• **WHAT TO DO**:
Repeat the lines from the one containing "This Star Wars" through the last line of the data, exactly, pictures omitted.

• **THE DATA**:
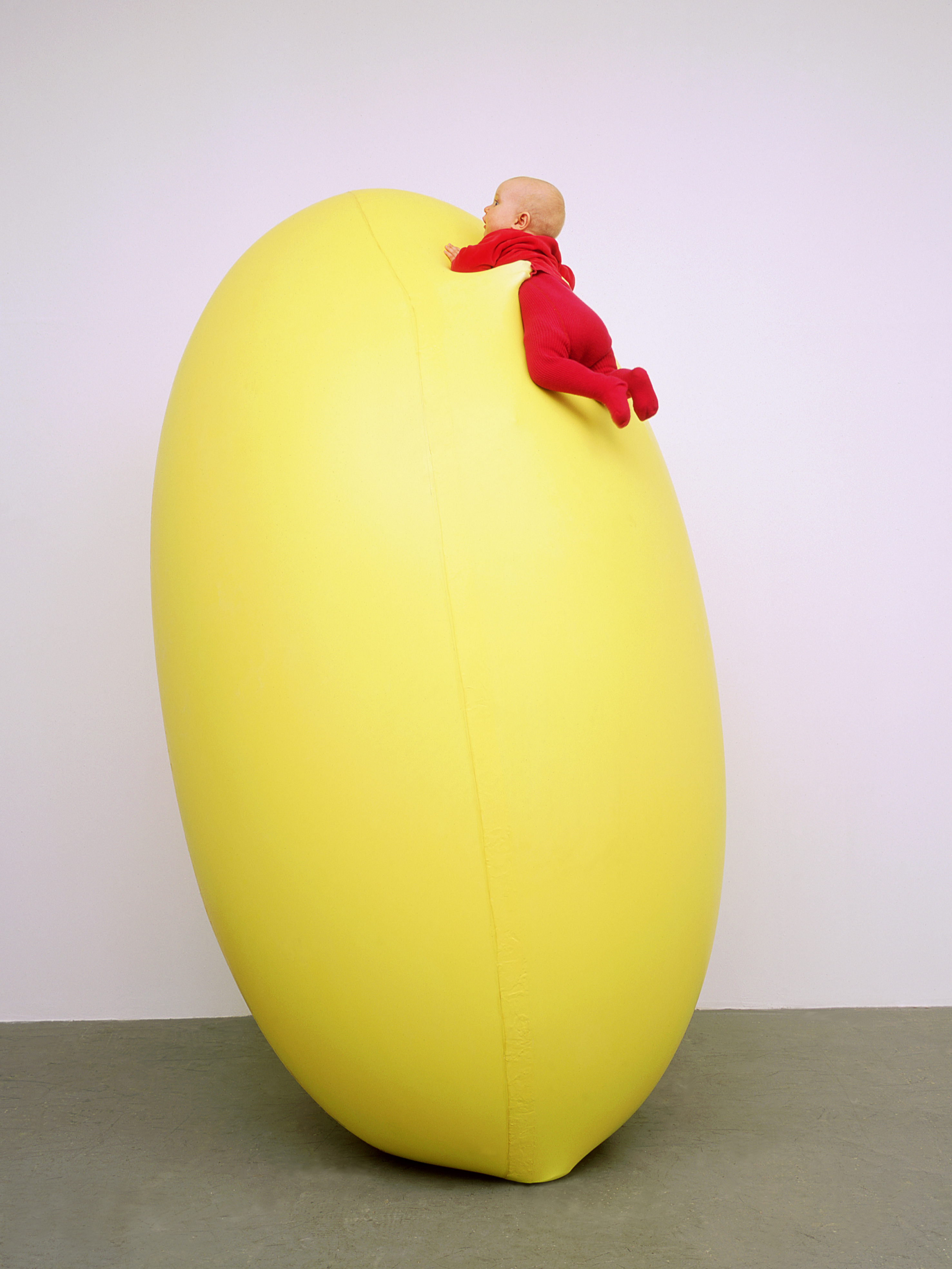 “o.T. – Yellow sculpture fitting to Julie” (1998), balloon/air/ artist/Julie; Cibachrome, 100 x 75 cm, © Hans Hemmert and VG Bild Kunst
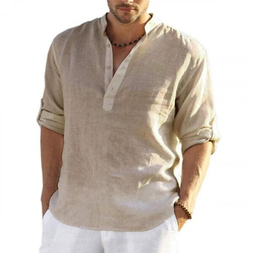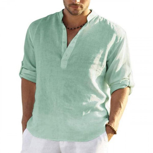 Men Long Sleeve Linen Shirt Tops Blouse Dress Shirt Solid Color Casual Loose
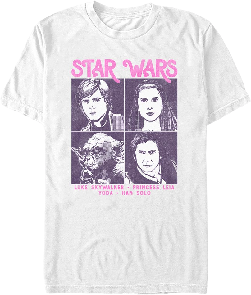 This Star Wars t-shirt features yearbook pictures of Luke Skywalker, Princess Leia, Yoda, and Han Solo.
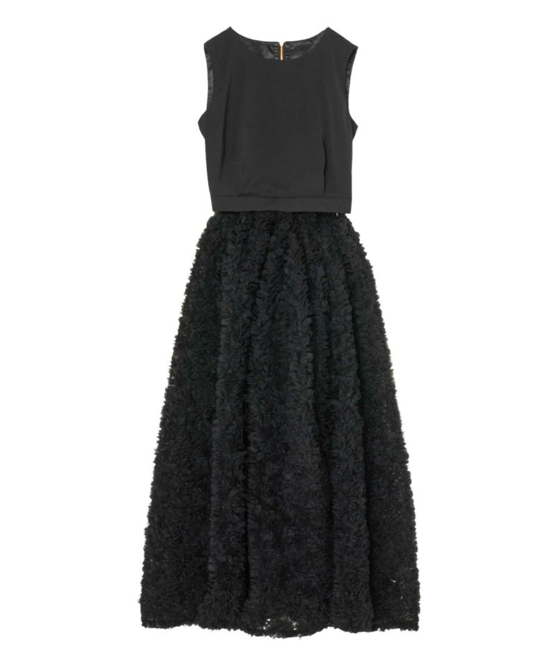 デザイン性を重視した贅沢な素材を使用しております。素材の特性上チュールの繊維が落ち易いですが、製品上の問題はございません。

• **RESPONSE TO THIS EXERCISE**:
 This Star Wars t-shirt features yearbook pictures of Luke Skywalker, Princess Leia, Yoda, and Han Solo.
 デザイン性を重視した贅沢な素材を使用しております。素材の特性上チュールの繊維が落ち易いですが、製品上の問題はございません。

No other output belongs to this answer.